Me: "Mom, do you even know who we're playing?"

Mom: "Yeah."

Me: "No you don't."

Mom: "Yes I do!"

Me: "Who?"

Mom: "The Patriots."

(Note: This is the day after my dad and I openly agonized over having to miss the Pats-Giants game while at dinner with my mom's mom -- the one who George Bush actually would recognize. I mean, I must have rehashed what happened in that game for ten minutes that night when I came home. The whole story about driving around looking for a sports bar after leaving the restaurant, giving up, listening to the game on the radio in my car, alone in a parking lot full of nothing but asphalt and dark buildings, and going crazy on the Brady-Moss record setting TD pass. And she answers with, "The Patriots.")

Me: "Yep."

Mom: "I got it?"

Me: "Yeah, we're playing the Patriots. You got it."

Mom: "See? I knew."

And I went on showering, laughing until all the soap had been washed off my body.

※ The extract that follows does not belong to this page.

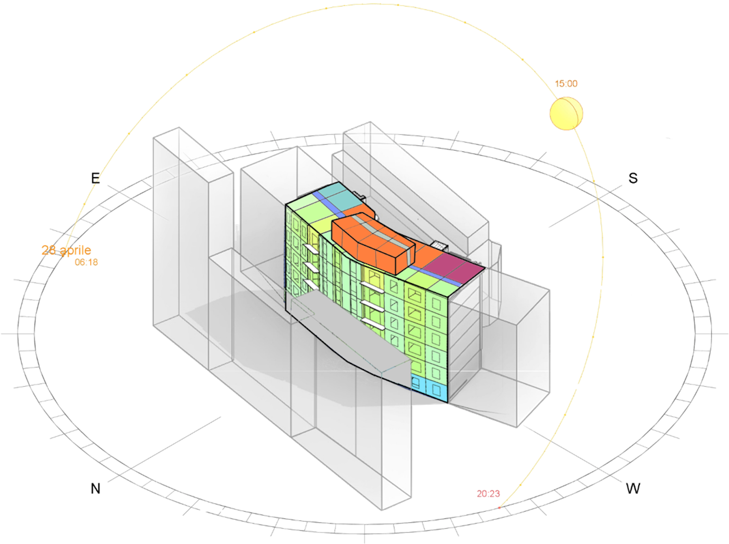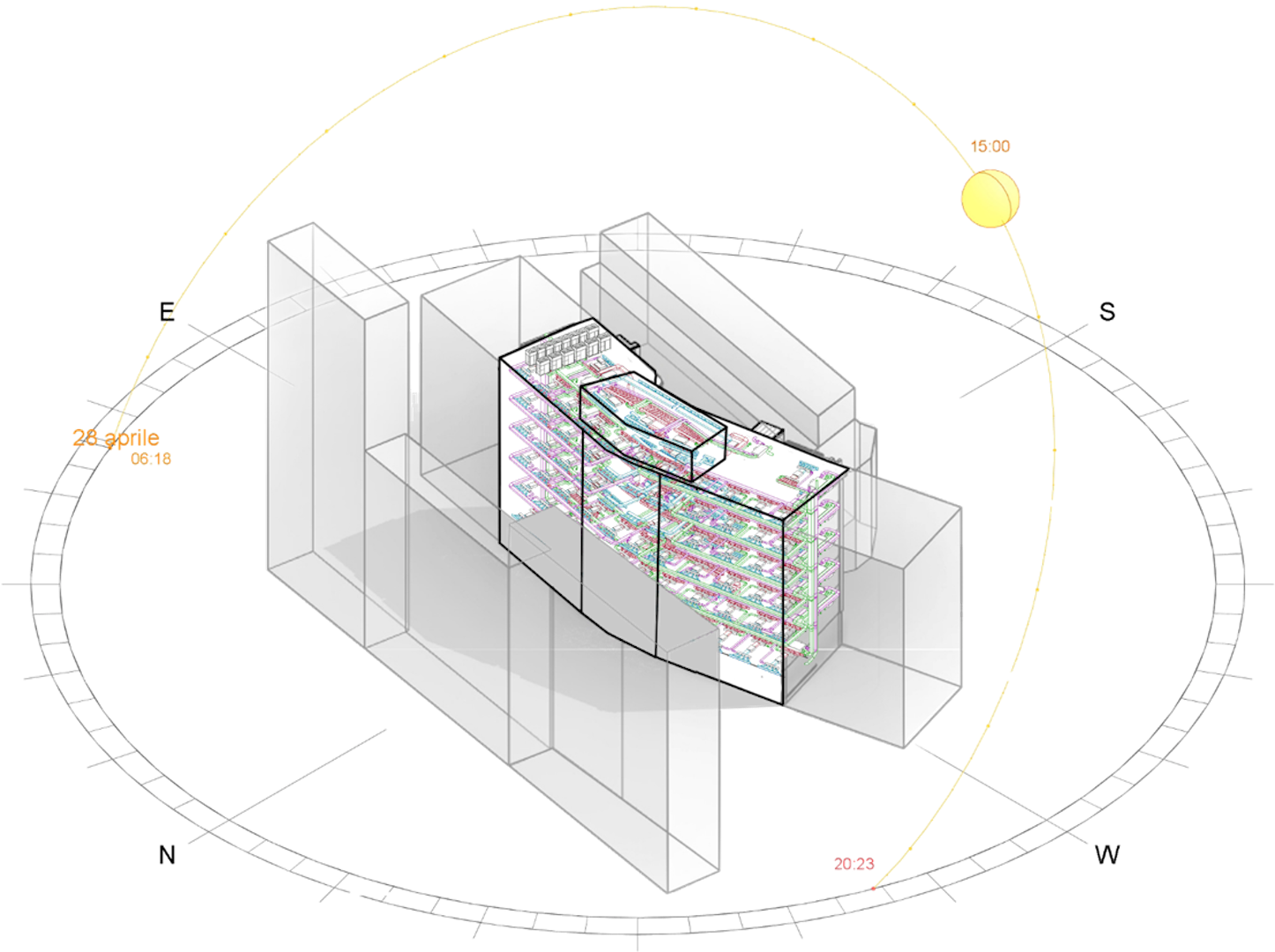 In questo caso il BIM è stata una componente fondamentale nel vincere la sfida principale che poneva l’intervento: l’edificio sottoposto a restyling è curvilineo con geometrie non continue, si piega seguendo l’andamento della strada.

Well, on the way to the game, my dad made another comment about the Patriots-Giants game. And here was what ole Louise had to say:

Mom: "Wait, the Patriots played last night and they're playing today?"

This is why I never sit next to my mom at sporting events.


Okay, little No. 8 is a badass because he thinks just like me. Where the word "CARR" used to rest (let us never speak of him again), he duct taped over it and wrote in marker, "SCHAUB." Nice one, kid. We should collaborate.


Oh, p.s. (this story is gross so please stop reading if you are one of those girls who gets grossed out).

So I'm in the bathroom between the third and fourth quarters. I pee, I wash my hands, I dry them. While when I entered there were only a couple of other guys in there, by the time I was done the line was at least 15 deep. That was when I farted.

Only, it wasn't a fart. I mean, it was, just not exclusively. It was a little wet. It happens, right?

Clearly, my instinct was to go right for the stall and assess the damage. But I would have to wait in line for that, and how strange would it look for the people already waiting to see this guy leave a urinal, wash, dry, make a face that says "Uh oh..." and hop right back in the line. I think it would've been pretty obvious what had just transpired, don't you?

That, and the game was about to start back up. I wasn't left with too many options, man. It wasn't gross to the point of me worrying that the people around me would start sniffing and making "I have no idea" faces to their friends, so I decided just to live with it and return to my seat next to The Bob. Of course, when I returned, first thing I did was whisper what had happened to Garland, who proceeded to erupt with laughter, to my parents' semi-annoyed amusement/confusion/desire to remain ignorant.

I checked my (white, of course) brand new boxers first thing when I got home (well, after I played a pick up basketball game with my neighbors, I checked it), and let me tell you: my fears were warranted.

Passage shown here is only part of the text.